The Nexus 4 is by far the best Android device I’d ever interacted with. It’s lightening fast, feels great in the hand –unless you’ve got baby sized hands– and being a Nexus device, runs stock Android Jelly Bean 4.2. The Nexus 4 represents a massive change for Google as far as industrial design goes. This device is crafted from glass and feels much more premium than previous Nexus devices. The shimmering pattern on the back is a nice touch and not nearly as obnoxious as it may have seemed in PR images. You can only really see the pattern at a certain angle and when you do it’s a nice sight. The device is a bit wide, which may make it slightly difficult for one hand usage, but it’s surprisingly light. It delivers that similar “oh wow” effect that the iPhone 5 does, you pick it up expecting something a bit heftier and your delightfully surprised to have such a featherweight resting in your palm. With Jelly Bean android has fully arrived. Many have made the case for Android being the best mobile operating system before, but now they actually have a leg to stand on. Jelly Bean is just as smooth as iOS, while packing more customization options granting users the ability to craft their own unique user experience. The main advantage I feel with Android is the inclusion of glance able information. Android’s ability to constantly feed you information at every possible corner of the OS makes it feel like it’s a living breathing system. It’s a powerful and robust mobile OS designed around the future generation of computer users. iOS may be painfully simple, but Android definitely packs a bigger punch.
With 4.2 Jelly Bean, Android has finally arrived.
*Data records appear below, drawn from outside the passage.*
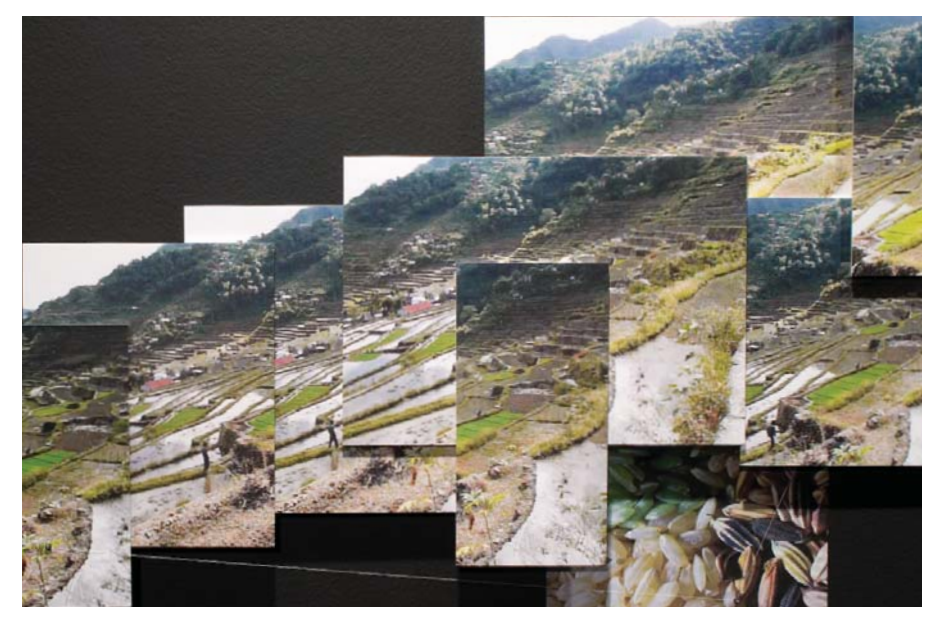
Considering Rice, mixed media installation, dimensions variable, 2010 (detail).
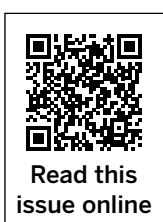
Read this issue online

The Bearcat Regiment Percussion Ensemble won first place and all captions awards at the 2022 HEB Drumline Contest on Sept.17.
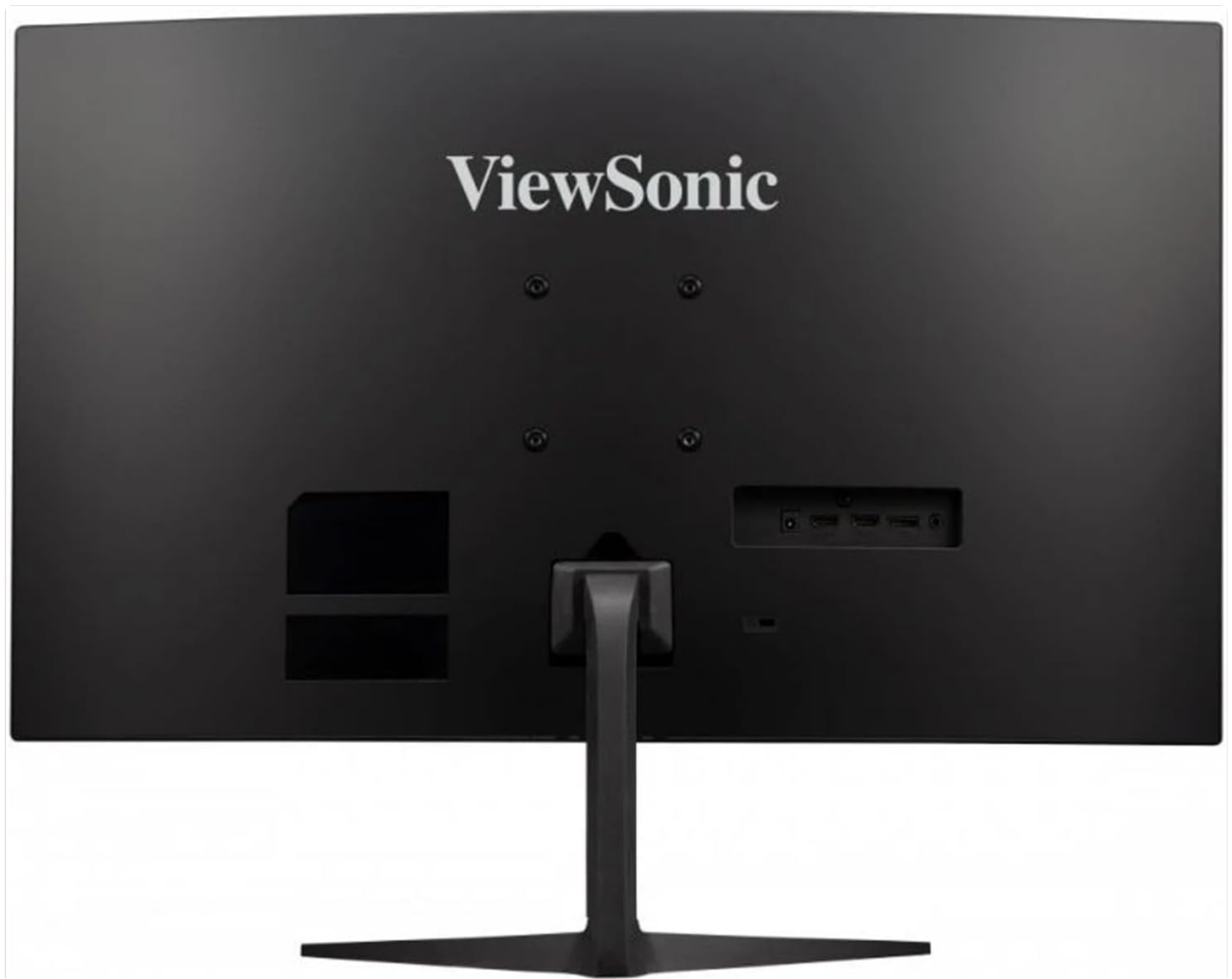
Figure 3: Rear view of the ViewSonic OMNI VX2718-2KPC-MHD monitor, highlighting the HDMI, DisplayPort, and audio out ports.

You feel like the OS is working with you to make your day easier. iOS has been marked by this feeling of sterilization, the OS is stagnant and lifeless. This is merely because of its lack of widgets and a more robust notification setup. Android’s notification tray is awesome, providing much more information and the ability to swipe away individual notifications. Multitasking is also super simple. There’s an icon that when tapped provides an actually look of the app in its current state, again a sign of glanceable information. In iOS it takes three taps to swap apps, here only two. May not seem like that big a deal, but it is. Finger gestures are also implemented much better. Apple really took charge of gestures on Mac OSX, but it hasn’t really transferred to iOS. Jelly Bean 4.2 has two really awesome ones, the two finger down quick-setting one and the single thumb scroll wheel in the photo app. Both are fucking awesome. Having to go back to the home screen in iOS just to change a wifi setting is annoying, being able to scroll down anywhere in the OS is so helpful. The camera one seems so painfully obvious, but somehow no one has done it. If you hold your thumb on any section of the screen you get a little scroll wheel with options for HDR, Flash, Exposure, IQ, and WB. The camera is solid, definitely ain’t iPhone 5 quality, but it doesn’t suck. The stitching in panorama mode needs work, definitely behind iOS in terms of quality. I haven’t really got to delve into photosphere. Like most things Google launches, it’s still in beta, but the potential is certainly there.
Skynet is here and it’s new name is Google Now.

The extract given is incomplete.